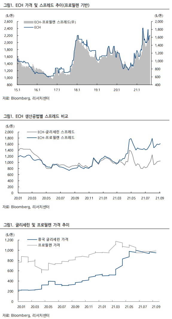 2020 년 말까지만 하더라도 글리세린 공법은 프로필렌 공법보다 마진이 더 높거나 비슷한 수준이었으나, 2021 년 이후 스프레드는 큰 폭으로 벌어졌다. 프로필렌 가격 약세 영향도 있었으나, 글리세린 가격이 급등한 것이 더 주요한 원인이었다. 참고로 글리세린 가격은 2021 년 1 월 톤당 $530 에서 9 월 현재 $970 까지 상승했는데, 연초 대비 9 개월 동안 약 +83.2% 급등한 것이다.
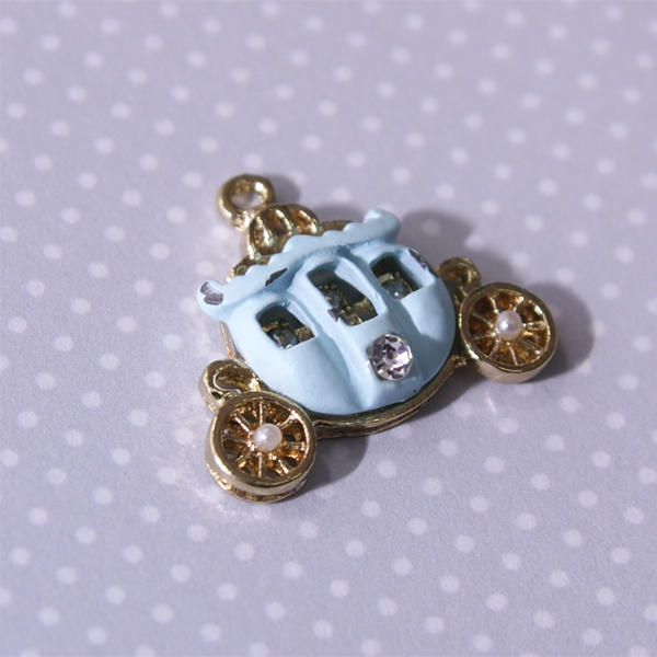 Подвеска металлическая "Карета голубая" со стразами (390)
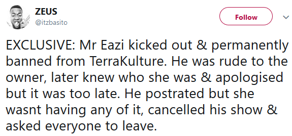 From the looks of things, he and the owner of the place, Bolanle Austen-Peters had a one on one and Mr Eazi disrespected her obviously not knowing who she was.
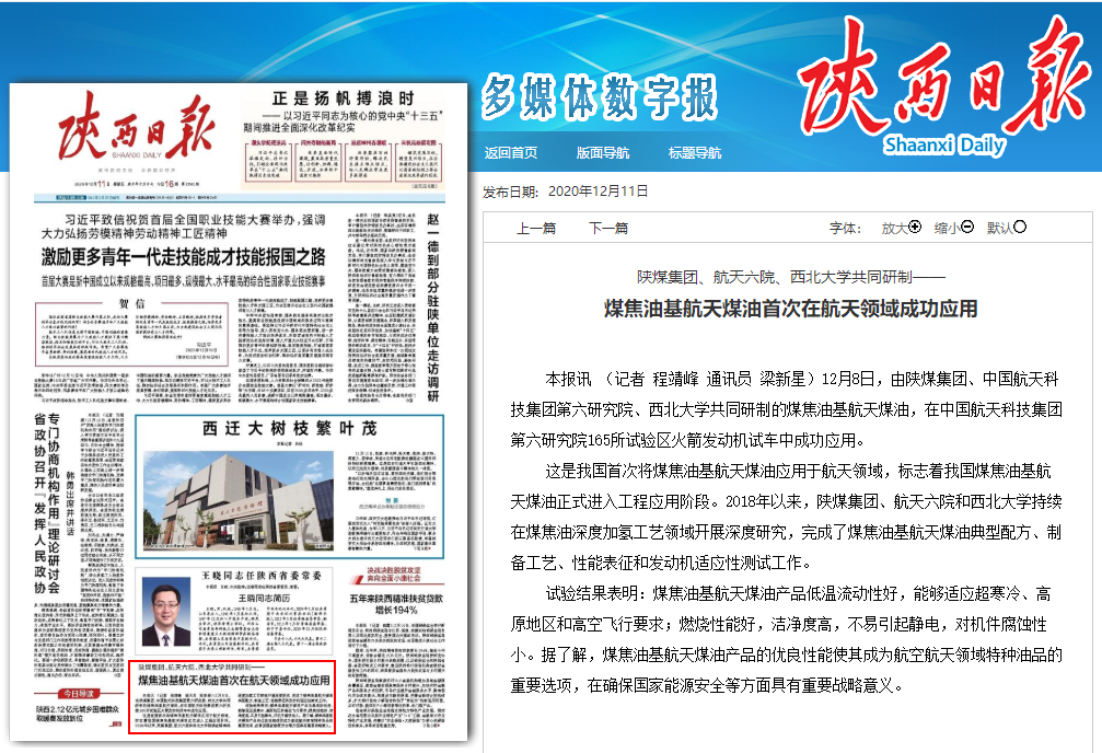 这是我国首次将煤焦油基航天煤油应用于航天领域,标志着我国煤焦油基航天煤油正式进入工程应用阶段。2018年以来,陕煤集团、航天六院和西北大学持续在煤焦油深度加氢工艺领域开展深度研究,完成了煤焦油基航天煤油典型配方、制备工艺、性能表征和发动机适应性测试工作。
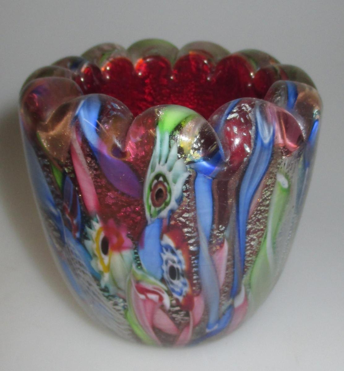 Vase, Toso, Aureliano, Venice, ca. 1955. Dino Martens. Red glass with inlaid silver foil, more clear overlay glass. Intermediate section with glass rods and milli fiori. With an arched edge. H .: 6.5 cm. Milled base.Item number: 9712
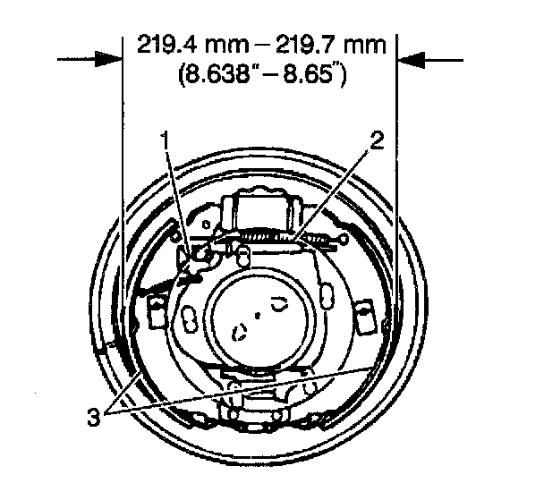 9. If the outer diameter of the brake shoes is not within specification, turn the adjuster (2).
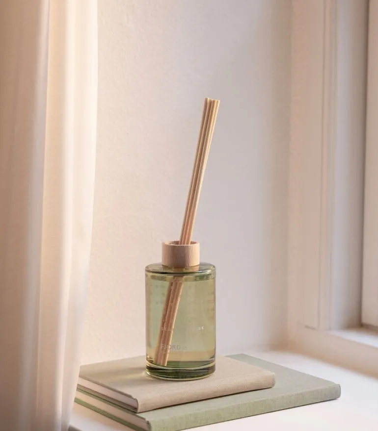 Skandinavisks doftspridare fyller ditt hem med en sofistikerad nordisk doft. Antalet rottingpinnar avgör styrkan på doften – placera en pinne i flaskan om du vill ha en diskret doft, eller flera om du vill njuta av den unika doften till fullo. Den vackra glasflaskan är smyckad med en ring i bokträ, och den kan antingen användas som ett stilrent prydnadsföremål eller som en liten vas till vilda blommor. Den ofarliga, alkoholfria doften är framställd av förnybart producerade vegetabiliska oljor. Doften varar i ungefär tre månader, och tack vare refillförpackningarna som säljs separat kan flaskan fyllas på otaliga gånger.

:::::

■ Exercise description
Please reproduce nothing but the lines from the one containing "Vase, Toso, Aureliano, Venice, ca." through the closing line of the listing, retyped word for word, pictures excluded.

■ Result of the task
 Vase, Toso, Aureliano, Venice, ca. 1955. Dino Martens. Red glass with inlaid silver foil, more clear overlay glass. Intermediate section with glass rods and milli fiori. With an arched edge. H .: 6.5 cm. Milled base.Item number: 9712
 9. If the outer diameter of the brake shoes is not within specification, turn the adjuster (2).
 Skandinavisks doftspridare fyller ditt hem med en sofistikerad nordisk doft. Antalet rottingpinnar avgör styrkan på doften – placera en pinne i flaskan om du vill ha en diskret doft, eller flera om du vill njuta av den unika doften till fullo. Den vackra glasflaskan är smyckad med en ring i bokträ, och den kan antingen användas som ett stilrent prydnadsföremål eller som en liten vas till vilda blommor. Den ofarliga, alkoholfria doften är framställd av förnybart producerade vegetabiliska oljor. Doften varar i ungefär tre månader, och tack vare refillförpackningarna som säljs separat kan flaskan fyllas på otaliga gånger.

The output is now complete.